Aim of the task:
Restate the records below word for word, and omit the images they hold.

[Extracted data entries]

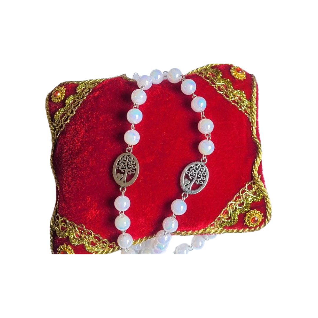 Haga su pedido ahora para experimentar la belleza clásica de las perlas, el diseño simbólico del Árbol de la Vida, el toque moderno de la cruz dorada y las imágenes sagradas de la Virgen María y los símbolos de Fátima.
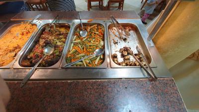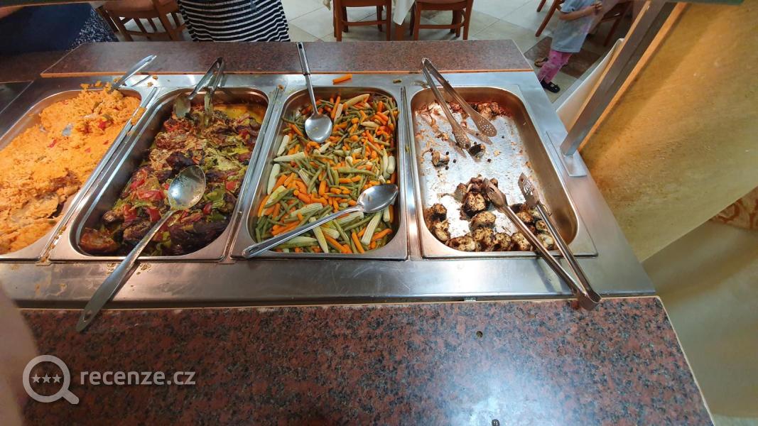 Žádná místní kuchyně. Jen něco po čem budete mít pocit zasyceného žaludku. Polévky bez chuti jako pro diabetiky ať je to jakákoliv chutná stejně jako předešlá. Opravdu víc ošidit už to nešlo. Jestli tady někdo píše, že jídlo bylo v pohodě, tak kecá. Protože prostě nebylo veškeré saláty, které byli k dispozici byla jen nakrájená zelenina bez jakékoliv chuti bez soli bez oleje bez octu nic... Veškeré kuřecí bylo tak suché, že to bylo jako by jste jedli vlasy. Jídlo nebylo vždy stejné občas se trošku lišilo. Zákusky byly každý den ty samé a sice vypadali, že mají jiný korpus, ale chutnaly úplně stejně. byly totiž polité nějakým likérem, který ten korpus nasákl a šmitec. Ovoce které podávali bylo v pohodě, bývalo na výběr Melou, švestka, banán, hruška, nektarinka nebo jablko. All inclusive nápoje jsou opravdu k smíchu - voda s práškem co měl nahrazovat šťávu. Vypili jsme párkrát pak jsme radši chodili do obchodu pro něco normálního. V baru nalévají pančovaný alkohol s něčím co má vzdáleně připomínat džus, ale je to prostě zase voda se šťávou. Takže si představte drink sex on the beach (pančovaná vodka + jahodový monin + voda se šťávou). Žádný barman, který by si třeba užíval svou práci a dělal show nebo třeba hezký bar, byl to ulepený kousek dřeva a roztrhané židle, na které jsou hozené podsedáky a je jich asi jen 8 kolem celého baru, takže si tam prostě moc není šance sednou ale stejně tam nikdo nechtěl sedět, protože to tam vypadá opravdu bídně. Je tam na výběr s coly, spritu, fanty, ale podotýkám nic není reálné, jsou to jako u nás ty nejlevnější koly za 10 kč 2l co chutnají jak by byly hodinu vyvětrané.
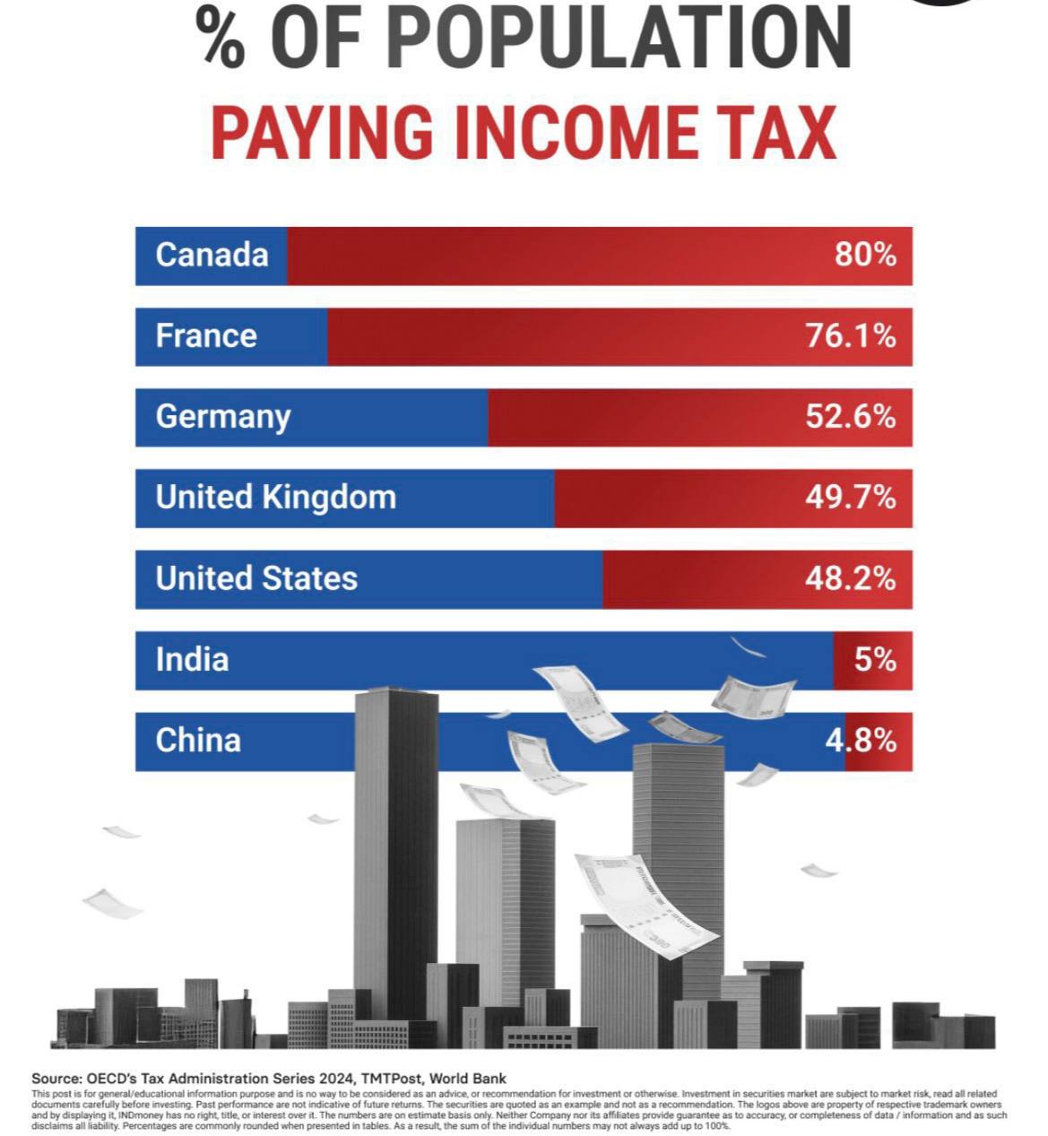 The real minority in India is the 5% of people who pay taxes In China it’s around 4.8% still one of the main reasons behind China’s growth could be the strong control their government has over almost everything.
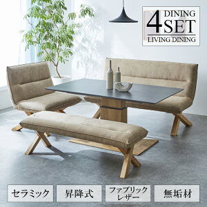 商品について ■セット内容 伸長式テーブル×1台。 1人掛けチェア×1脚 2人掛けチェア×1脚 140cm幅ベンチ×1脚 ■商品の特徴 温もりあふれる木目と異素材を組み合わせた上品でモダンなダイニングシリーズ...
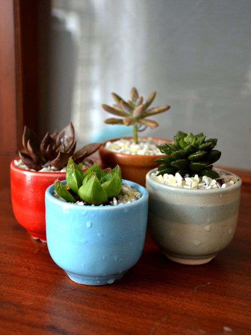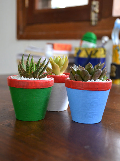 MudfingersLow stockClay Pot Size : 2.5" x 2.5" inches Succulent Triplets (Colored) : 3 beautiful Clay pots, painted with bright colors with Succulents - mixed and...
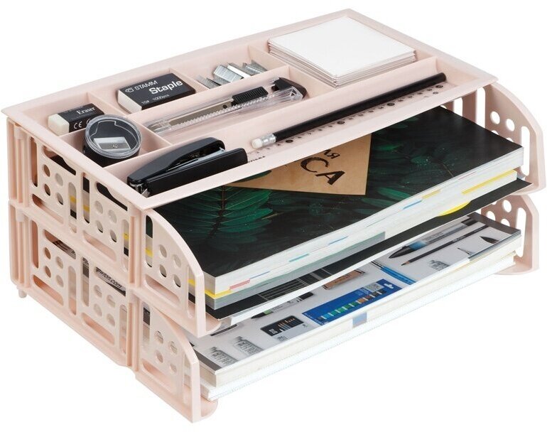 Лоток для бумаг горизонтальный СТАММ "Field", набор 2шт. + органайзер, розовый Paris, 323317

Answer box:
 Haga su pedido ahora para experimentar la belleza clásica de las perlas, el diseño simbólico del Árbol de la Vida, el toque moderno de la cruz dorada y las imágenes sagradas de la Virgen María y los símbolos de Fátima.
 Žádná místní kuchyně. Jen něco po čem budete mít pocit zasyceného žaludku. Polévky bez chuti jako pro diabetiky ať je to jakákoliv chutná stejně jako předešlá. Opravdu víc ošidit už to nešlo. Jestli tady někdo píše, že jídlo bylo v pohodě, tak kecá. Protože prostě nebylo veškeré saláty, které byli k dispozici byla jen nakrájená zelenina bez jakékoliv chuti bez soli bez oleje bez octu nic... Veškeré kuřecí bylo tak suché, že to bylo jako by jste jedli vlasy. Jídlo nebylo vždy stejné občas se trošku lišilo. Zákusky byly každý den ty samé a sice vypadali, že mají jiný korpus, ale chutnaly úplně stejně. byly totiž polité nějakým likérem, který ten korpus nasákl a šmitec. Ovoce které podávali bylo v pohodě, bývalo na výběr Melou, švestka, banán, hruška, nektarinka nebo jablko. All inclusive nápoje jsou opravdu k smíchu - voda s práškem co měl nahrazovat šťávu. Vypili jsme párkrát pak jsme radši chodili do obchodu pro něco normálního. V baru nalévají pančovaný alkohol s něčím co má vzdáleně připomínat džus, ale je to prostě zase voda se šťávou. Takže si představte drink sex on the beach (pančovaná vodka + jahodový monin + voda se šťávou). Žádný barman, který by si třeba užíval svou práci a dělal show nebo třeba hezký bar, byl to ulepený kousek dřeva a roztrhané židle, na které jsou hozené podsedáky a je jich asi jen 8 kolem celého baru, takže si tam prostě moc není šance sednou ale stejně tam nikdo nechtěl sedět, protože to tam vypadá opravdu bídně. Je tam na výběr s coly, spritu, fanty, ale podotýkám nic není reálné, jsou to jako u nás ty nejlevnější koly za 10 kč 2l co chutnají jak by byly hodinu vyvětrané.
 The real minority in India is the 5% of people who pay taxes In China it’s around 4.8% still one of the main reasons behind China’s growth could be the strong control their government has over almost everything.
 商品について ■セット内容 伸長式テーブル×1台。 1人掛けチェア×1脚 2人掛けチェア×1脚 140cm幅ベンチ×1脚 ■商品の特徴 温もりあふれる木目と異素材を組み合わせた上品でモダンなダイニングシリーズ...
 MudfingersLow stockClay Pot Size : 2.5" x 2.5" inches Succulent Triplets (Colored) : 3 beautiful Clay pots, painted with bright colors with Succulents - mixed and...
 Лоток для бумаг горизонтальный СТАММ "Field", набор 2шт. + органайзер, розовый Paris, 323317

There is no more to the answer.